** DATASET CONTENT follows **
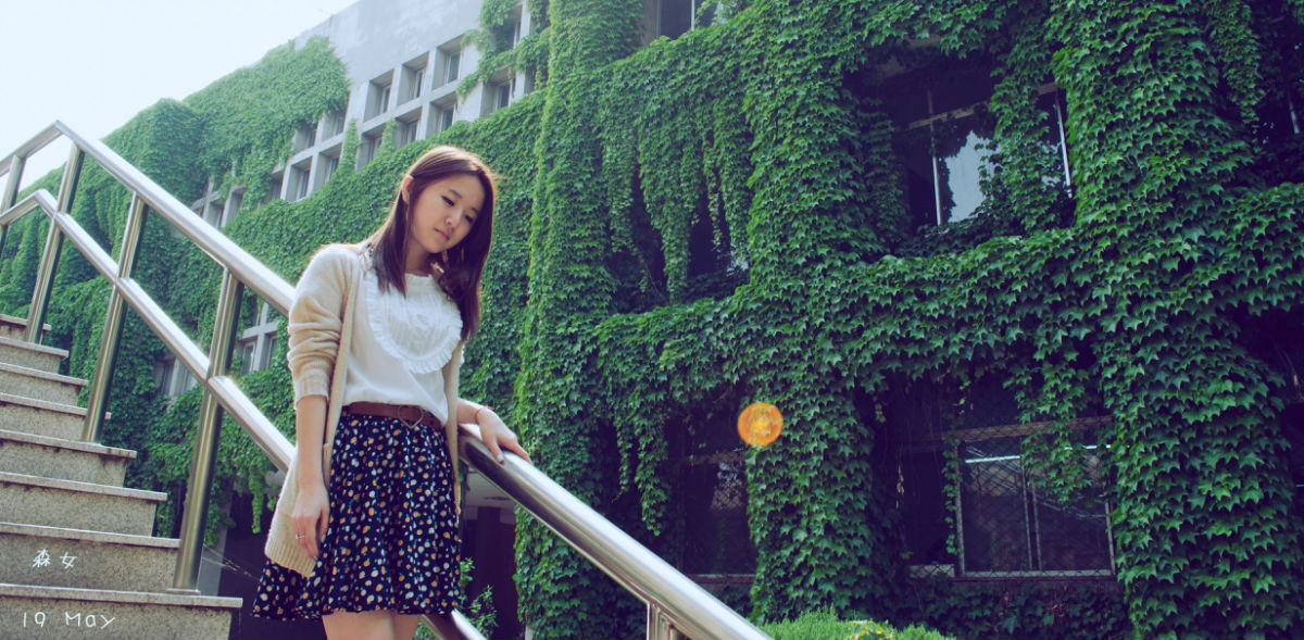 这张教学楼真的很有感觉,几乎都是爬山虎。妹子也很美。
** End of DATASET CONTENT **
** DATASET CONTENT follows **
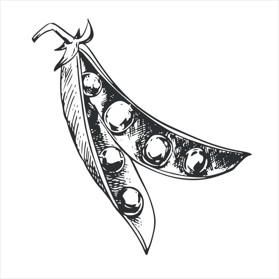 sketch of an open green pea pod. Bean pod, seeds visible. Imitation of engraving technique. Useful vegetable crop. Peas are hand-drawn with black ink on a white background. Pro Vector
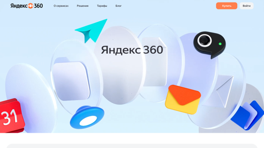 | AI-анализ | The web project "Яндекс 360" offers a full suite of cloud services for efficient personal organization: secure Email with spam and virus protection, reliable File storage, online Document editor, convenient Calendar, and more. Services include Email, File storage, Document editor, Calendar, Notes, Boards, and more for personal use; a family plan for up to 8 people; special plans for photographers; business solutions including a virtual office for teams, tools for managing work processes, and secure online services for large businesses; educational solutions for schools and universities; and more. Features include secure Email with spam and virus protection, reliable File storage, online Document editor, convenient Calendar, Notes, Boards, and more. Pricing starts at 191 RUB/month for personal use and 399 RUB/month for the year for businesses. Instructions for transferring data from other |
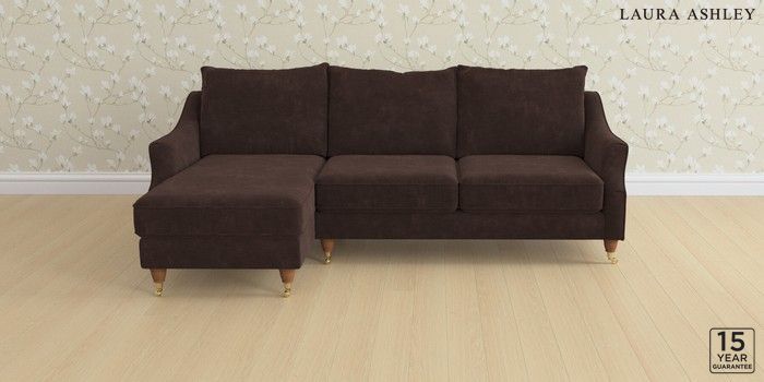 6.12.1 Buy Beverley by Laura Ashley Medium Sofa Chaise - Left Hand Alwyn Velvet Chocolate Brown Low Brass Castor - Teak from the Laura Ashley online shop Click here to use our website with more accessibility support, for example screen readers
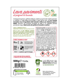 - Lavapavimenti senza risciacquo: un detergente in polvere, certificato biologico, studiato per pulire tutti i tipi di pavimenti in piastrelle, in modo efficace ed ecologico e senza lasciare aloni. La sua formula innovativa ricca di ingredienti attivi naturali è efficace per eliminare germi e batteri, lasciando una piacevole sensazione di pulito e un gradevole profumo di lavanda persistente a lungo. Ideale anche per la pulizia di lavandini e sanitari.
** End of DATASET CONTENT **
### THE PROBLEM
Within these entries, output exactly the lines starting at the one with "from other |" and finishing at the one with "6.12.1 Buy Beverley". Leave pictures out of the output.

### PROBLEM SOLUTION
 | AI-анализ | The web project "Яндекс 360" offers a full suite of cloud services for efficient personal organization: secure Email with spam and virus protection, reliable File storage, online Document editor, convenient Calendar, and more. Services include Email, File storage, Document editor, Calendar, Notes, Boards, and more for personal use; a family plan for up to 8 people; special plans for photographers; business solutions including a virtual office for teams, tools for managing work processes, and secure online services for large businesses; educational solutions for schools and universities; and more. Features include secure Email with spam and virus protection, reliable File storage, online Document editor, convenient Calendar, Notes, Boards, and more. Pricing starts at 191 RUB/month for personal use and 399 RUB/month for the year for businesses. Instructions for transferring data from other |
 6.12.1 Buy Beverley by Laura Ashley Medium Sofa Chaise - Left Hand Alwyn Velvet Chocolate Brown Low Brass Castor - Teak from the Laura Ashley online shop Click here to use our website with more accessibility support, for example screen readers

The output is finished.